_Task prompt_. How do the lines below between the ones holding "Ansichtskarte Luftkurort Tabarz" and "ALLEN BRADLEY 1756-OB16E", inclusive, read? Give them again exactly, with no other lines.

_Data for analysis_.
= Beginning of Section =

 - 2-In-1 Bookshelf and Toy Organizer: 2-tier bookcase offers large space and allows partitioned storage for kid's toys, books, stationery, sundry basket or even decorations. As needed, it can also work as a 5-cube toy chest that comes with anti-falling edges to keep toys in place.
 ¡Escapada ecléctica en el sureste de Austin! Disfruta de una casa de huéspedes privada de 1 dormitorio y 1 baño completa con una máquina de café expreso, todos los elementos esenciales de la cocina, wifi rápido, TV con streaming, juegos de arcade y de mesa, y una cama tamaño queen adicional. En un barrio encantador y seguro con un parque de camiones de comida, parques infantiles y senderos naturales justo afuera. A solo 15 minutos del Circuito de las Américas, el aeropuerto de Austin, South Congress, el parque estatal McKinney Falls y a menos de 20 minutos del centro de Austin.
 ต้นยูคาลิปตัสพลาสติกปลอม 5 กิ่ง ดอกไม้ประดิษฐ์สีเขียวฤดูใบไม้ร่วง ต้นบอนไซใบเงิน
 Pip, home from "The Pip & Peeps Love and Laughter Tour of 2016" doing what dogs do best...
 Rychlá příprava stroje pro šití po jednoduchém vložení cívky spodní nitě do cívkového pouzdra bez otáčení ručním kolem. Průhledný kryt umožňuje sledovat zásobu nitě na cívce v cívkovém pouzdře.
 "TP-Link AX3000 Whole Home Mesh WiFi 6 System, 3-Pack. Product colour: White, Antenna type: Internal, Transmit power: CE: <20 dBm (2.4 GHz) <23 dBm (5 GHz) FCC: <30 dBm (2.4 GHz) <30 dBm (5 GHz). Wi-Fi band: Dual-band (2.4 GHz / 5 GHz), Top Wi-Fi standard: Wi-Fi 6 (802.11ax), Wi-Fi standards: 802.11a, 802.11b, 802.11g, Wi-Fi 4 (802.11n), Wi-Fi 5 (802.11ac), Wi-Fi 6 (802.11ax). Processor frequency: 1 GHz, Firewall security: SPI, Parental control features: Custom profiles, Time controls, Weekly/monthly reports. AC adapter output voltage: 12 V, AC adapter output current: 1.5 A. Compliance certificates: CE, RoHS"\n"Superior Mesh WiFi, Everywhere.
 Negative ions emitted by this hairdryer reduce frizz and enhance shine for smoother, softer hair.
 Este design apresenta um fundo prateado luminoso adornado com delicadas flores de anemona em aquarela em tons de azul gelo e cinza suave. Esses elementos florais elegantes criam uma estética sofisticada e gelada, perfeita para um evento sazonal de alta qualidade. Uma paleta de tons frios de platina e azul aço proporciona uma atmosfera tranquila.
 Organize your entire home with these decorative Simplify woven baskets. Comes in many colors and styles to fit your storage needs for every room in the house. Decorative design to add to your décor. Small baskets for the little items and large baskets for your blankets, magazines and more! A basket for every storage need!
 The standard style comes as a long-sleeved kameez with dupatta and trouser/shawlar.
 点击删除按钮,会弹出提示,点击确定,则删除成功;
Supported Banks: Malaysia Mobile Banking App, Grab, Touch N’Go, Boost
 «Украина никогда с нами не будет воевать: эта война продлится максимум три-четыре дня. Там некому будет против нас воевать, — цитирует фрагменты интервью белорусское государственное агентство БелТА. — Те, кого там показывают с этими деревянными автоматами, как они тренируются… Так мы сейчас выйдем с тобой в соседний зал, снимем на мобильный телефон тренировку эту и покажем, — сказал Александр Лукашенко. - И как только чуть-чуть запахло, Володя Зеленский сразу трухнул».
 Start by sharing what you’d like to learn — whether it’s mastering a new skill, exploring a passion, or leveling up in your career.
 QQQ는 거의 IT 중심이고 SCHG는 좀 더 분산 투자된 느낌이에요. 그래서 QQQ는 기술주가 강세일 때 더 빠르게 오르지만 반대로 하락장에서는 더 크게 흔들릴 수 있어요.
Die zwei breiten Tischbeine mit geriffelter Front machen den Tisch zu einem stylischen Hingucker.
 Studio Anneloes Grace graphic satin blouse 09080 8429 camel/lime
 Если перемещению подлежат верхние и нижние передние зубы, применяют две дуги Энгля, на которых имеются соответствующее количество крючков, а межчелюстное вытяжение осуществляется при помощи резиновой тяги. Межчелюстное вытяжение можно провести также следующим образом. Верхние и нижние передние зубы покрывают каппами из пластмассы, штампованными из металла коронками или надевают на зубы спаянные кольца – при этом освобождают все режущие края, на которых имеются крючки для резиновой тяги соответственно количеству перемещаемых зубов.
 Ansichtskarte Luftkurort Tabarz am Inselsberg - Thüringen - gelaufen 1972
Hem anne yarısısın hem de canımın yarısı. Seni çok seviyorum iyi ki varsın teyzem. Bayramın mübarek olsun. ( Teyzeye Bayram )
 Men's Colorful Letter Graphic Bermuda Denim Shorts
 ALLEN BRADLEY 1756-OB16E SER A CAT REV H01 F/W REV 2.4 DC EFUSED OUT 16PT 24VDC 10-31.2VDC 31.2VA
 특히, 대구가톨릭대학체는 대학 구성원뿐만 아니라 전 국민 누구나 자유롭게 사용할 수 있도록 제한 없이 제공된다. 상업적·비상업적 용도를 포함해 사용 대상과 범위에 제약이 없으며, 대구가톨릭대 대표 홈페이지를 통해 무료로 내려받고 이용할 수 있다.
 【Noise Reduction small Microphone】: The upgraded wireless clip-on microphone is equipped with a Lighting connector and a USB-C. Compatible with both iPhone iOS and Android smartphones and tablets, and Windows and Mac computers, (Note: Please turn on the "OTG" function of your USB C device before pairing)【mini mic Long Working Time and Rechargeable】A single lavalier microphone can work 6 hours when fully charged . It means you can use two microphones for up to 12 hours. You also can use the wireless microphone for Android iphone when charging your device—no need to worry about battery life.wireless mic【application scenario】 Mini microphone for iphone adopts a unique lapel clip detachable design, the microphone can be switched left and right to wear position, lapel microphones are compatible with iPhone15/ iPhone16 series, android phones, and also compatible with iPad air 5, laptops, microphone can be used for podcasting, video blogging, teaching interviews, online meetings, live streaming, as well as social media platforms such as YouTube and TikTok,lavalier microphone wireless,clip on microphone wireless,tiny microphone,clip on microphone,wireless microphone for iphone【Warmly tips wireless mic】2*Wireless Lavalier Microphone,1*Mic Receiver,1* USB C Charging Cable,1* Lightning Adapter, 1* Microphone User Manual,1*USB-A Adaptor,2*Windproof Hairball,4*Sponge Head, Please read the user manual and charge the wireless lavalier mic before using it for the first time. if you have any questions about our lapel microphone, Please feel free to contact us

= End of Section =

_Output below_.
 Ansichtskarte Luftkurort Tabarz am Inselsberg - Thüringen - gelaufen 1972
Hem anne yarısısın hem de canımın yarısı. Seni çok seviyorum iyi ki varsın teyzem. Bayramın mübarek olsun. ( Teyzeye Bayram )
 Men's Colorful Letter Graphic Bermuda Denim Shorts
 ALLEN BRADLEY 1756-OB16E SER A CAT REV H01 F/W REV 2.4 DC EFUSED OUT 16PT 24VDC 10-31.2VDC 31.2VA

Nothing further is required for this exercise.